Brief: The required output is the exact run of lines from the one bearing "Soalan Peperiksaan Tahun" through the final line of the listing below, with the pictures removed.
=== Data excerpts ===
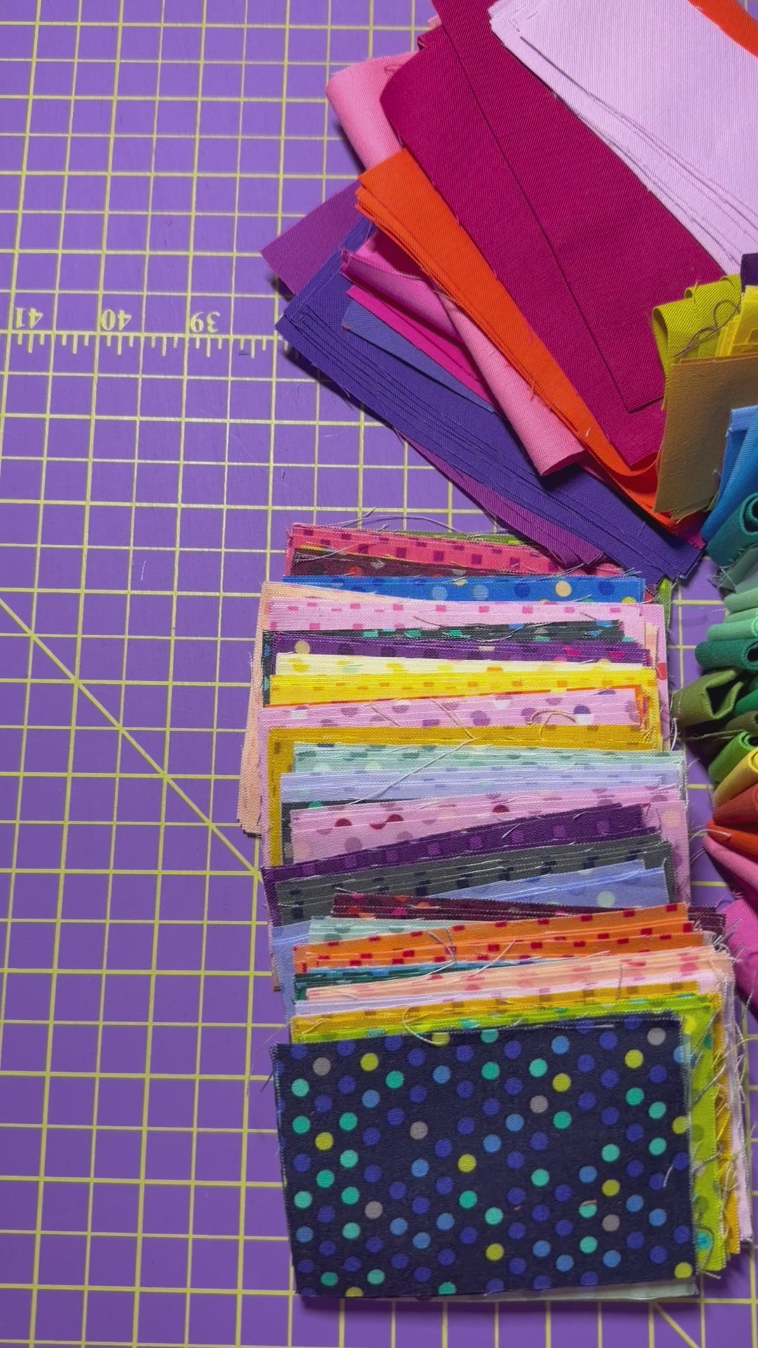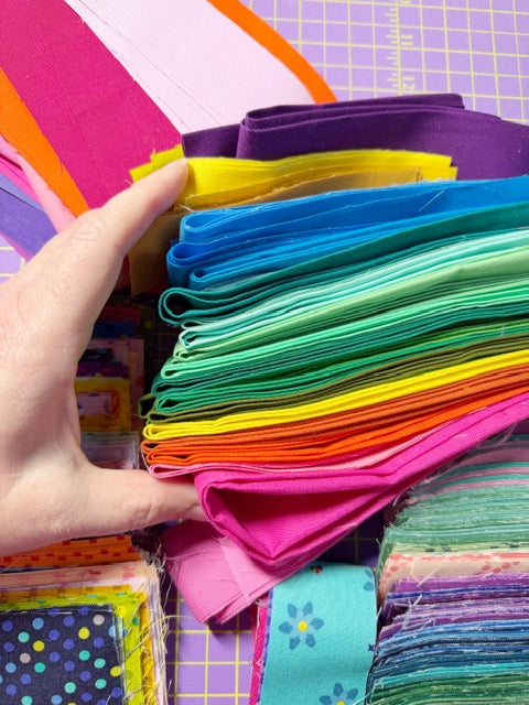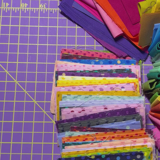 Scrap Bag – Rainbow - Kona Solid strips, Dazzle Dots in 2.5” sizes, a lot of rainbow strips 1/5” x 5”. Weighs 1lb 12oz
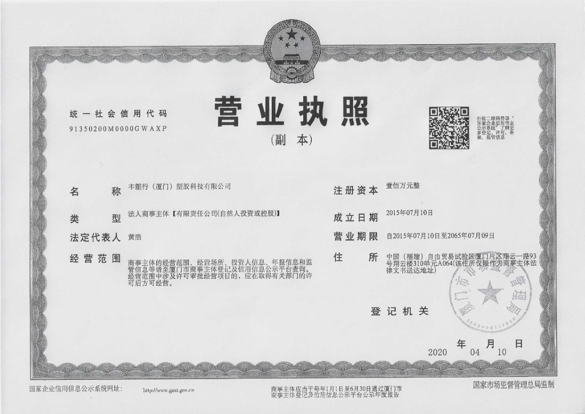 公司名称丰塑行(厦门)塑胶科技有限公司注册号91350200M0000GWAXP
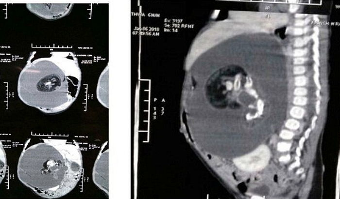 제거한 덩어리에는 형태를 알아보긴 힘들었지만 척추, 뇌 조직, 머리, 팔 눈 등을 가지고 있었다고 한다.
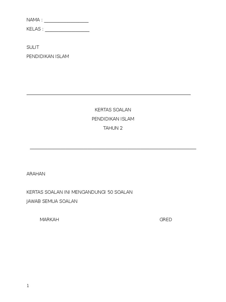 Soalan Peperiksaan Tahun 2 Pendidikan Islam - Wiluk Quotes from imgv2-1-f.scribdassets.com Ilmu pendidikan islam didasari oleh alqur'an, hadits, ijtihad dan warisan pemikiran islam yang bertujuan untuk membimbing hidup manusia. Ujian, lembaran kerja, latihan soalan, peperiksaanfull description. Islam, pendidikan islam, dan pendidikan a. Website pendidikan dengan carian terpantas. Kertas latihan ini mengandungi 20 soalan percubaan. Baca soalan dengan teliti dan jawab kesemua soalan. Salam, saya minta izin download soalan tahun 2 dan 4. Koleksi soalan spm pendidikan islam.
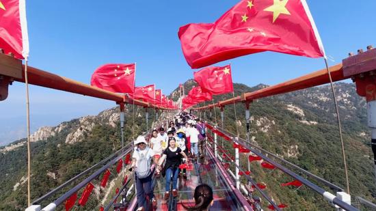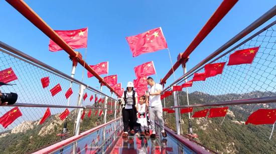 节日期间,整个景区都飘扬着中国红,近千面国旗在世界第一人行悬索桥、望海楼、沂蒙山小调活态博物馆、沂蒙风情商业街上空高高飘扬。
===
Response to this task:
 Soalan Peperiksaan Tahun 2 Pendidikan Islam - Wiluk Quotes from imgv2-1-f.scribdassets.com Ilmu pendidikan islam didasari oleh alqur'an, hadits, ijtihad dan warisan pemikiran islam yang bertujuan untuk membimbing hidup manusia. Ujian, lembaran kerja, latihan soalan, peperiksaanfull description. Islam, pendidikan islam, dan pendidikan a. Website pendidikan dengan carian terpantas. Kertas latihan ini mengandungi 20 soalan percubaan. Baca soalan dengan teliti dan jawab kesemua soalan. Salam, saya minta izin download soalan tahun 2 dan 4. Koleksi soalan spm pendidikan islam.
 节日期间,整个景区都飘扬着中国红,近千面国旗在世界第一人行悬索桥、望海楼、沂蒙山小调活态博物馆、沂蒙风情商业街上空高高飘扬。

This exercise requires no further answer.